What is being asked: Once the line holding "Dieses bietet eine" is found in the entries below, transcribe exactly every line up to and including the one holding "The perfect couples", but leave out the pictures.

Input data:
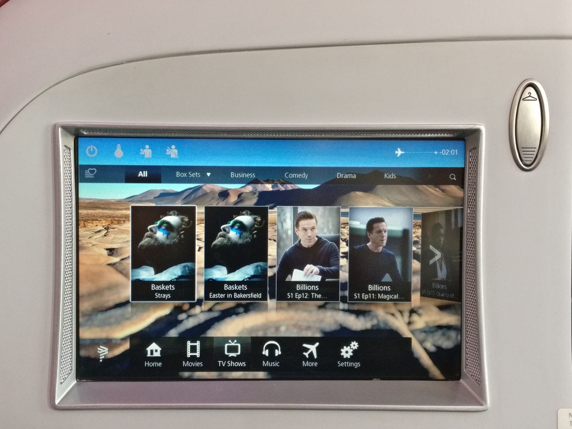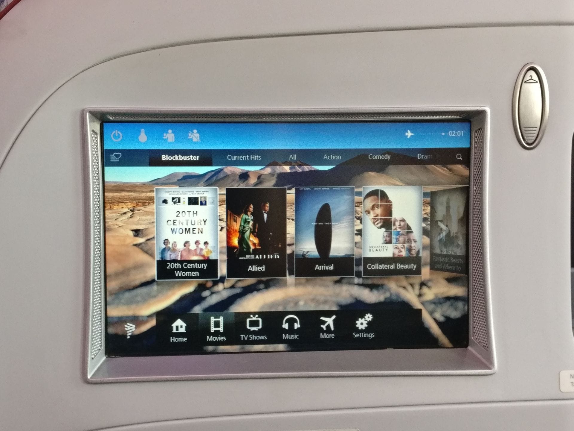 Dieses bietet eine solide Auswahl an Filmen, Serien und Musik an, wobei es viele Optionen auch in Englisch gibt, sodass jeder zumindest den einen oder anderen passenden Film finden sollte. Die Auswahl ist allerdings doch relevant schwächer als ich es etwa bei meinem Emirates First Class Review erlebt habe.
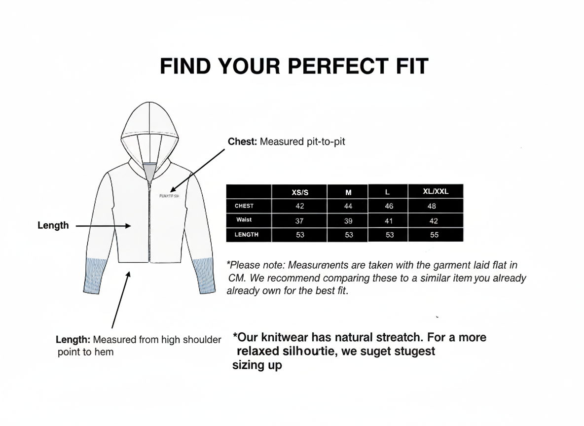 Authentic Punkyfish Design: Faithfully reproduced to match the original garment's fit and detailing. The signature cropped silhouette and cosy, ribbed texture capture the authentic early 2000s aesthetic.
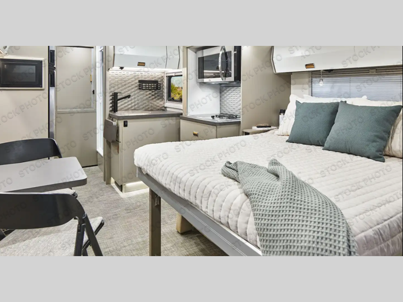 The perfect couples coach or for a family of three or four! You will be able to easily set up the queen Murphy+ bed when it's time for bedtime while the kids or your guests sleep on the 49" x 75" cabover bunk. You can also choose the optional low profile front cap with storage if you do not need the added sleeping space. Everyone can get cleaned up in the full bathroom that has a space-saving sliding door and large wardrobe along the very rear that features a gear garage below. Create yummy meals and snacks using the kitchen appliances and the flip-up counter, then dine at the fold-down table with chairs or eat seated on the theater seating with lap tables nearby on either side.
--
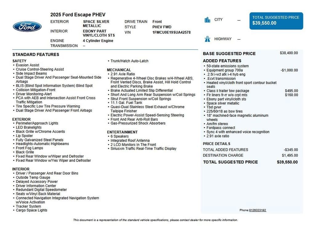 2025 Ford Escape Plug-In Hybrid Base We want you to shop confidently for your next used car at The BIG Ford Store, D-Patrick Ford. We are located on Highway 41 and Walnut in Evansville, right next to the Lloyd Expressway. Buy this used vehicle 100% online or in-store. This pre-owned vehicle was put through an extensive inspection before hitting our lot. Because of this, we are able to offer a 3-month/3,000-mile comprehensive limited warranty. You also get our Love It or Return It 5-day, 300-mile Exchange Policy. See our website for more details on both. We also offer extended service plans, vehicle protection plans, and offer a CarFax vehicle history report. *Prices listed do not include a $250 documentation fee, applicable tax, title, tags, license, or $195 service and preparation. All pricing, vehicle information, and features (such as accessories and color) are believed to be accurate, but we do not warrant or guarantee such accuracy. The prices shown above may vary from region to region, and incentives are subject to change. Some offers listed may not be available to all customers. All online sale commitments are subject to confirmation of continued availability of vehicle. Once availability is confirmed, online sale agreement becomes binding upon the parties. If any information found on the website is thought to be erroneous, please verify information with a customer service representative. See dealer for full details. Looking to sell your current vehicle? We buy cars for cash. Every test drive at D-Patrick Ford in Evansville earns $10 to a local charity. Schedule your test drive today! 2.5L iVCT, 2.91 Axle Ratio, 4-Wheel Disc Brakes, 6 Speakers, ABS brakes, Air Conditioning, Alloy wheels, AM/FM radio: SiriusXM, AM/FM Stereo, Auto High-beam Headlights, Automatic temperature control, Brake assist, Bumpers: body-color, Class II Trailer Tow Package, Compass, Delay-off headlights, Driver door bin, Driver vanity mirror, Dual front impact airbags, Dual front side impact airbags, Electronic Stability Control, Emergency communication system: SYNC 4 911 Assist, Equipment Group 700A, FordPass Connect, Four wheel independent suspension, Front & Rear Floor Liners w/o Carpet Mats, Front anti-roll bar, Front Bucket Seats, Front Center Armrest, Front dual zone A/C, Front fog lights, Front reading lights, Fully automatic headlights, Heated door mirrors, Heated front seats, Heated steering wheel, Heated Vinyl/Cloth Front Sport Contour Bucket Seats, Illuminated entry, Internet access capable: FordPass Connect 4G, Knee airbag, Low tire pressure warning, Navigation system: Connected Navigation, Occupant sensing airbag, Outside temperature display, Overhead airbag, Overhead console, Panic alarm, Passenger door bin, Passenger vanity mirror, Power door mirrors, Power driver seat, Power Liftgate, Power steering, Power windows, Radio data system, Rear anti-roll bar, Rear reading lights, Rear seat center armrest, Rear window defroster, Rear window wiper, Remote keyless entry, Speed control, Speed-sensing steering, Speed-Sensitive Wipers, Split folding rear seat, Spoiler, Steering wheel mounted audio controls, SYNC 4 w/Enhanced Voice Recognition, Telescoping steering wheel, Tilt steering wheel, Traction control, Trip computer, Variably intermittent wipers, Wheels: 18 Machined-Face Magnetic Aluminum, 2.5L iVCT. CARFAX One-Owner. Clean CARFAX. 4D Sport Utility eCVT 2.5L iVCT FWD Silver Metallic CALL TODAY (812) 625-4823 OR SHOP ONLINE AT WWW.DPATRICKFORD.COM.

Your response:
 Dieses bietet eine solide Auswahl an Filmen, Serien und Musik an, wobei es viele Optionen auch in Englisch gibt, sodass jeder zumindest den einen oder anderen passenden Film finden sollte. Die Auswahl ist allerdings doch relevant schwächer als ich es etwa bei meinem Emirates First Class Review erlebt habe.
 Authentic Punkyfish Design: Faithfully reproduced to match the original garment's fit and detailing. The signature cropped silhouette and cosy, ribbed texture capture the authentic early 2000s aesthetic.
 The perfect couples coach or for a family of three or four! You will be able to easily set up the queen Murphy+ bed when it's time for bedtime while the kids or your guests sleep on the 49" x 75" cabover bunk. You can also choose the optional low profile front cap with storage if you do not need the added sleeping space. Everyone can get cleaned up in the full bathroom that has a space-saving sliding door and large wardrobe along the very rear that features a gear garage below. Create yummy meals and snacks using the kitchen appliances and the flip-up counter, then dine at the fold-down table with chairs or eat seated on the theater seating with lap tables nearby on either side.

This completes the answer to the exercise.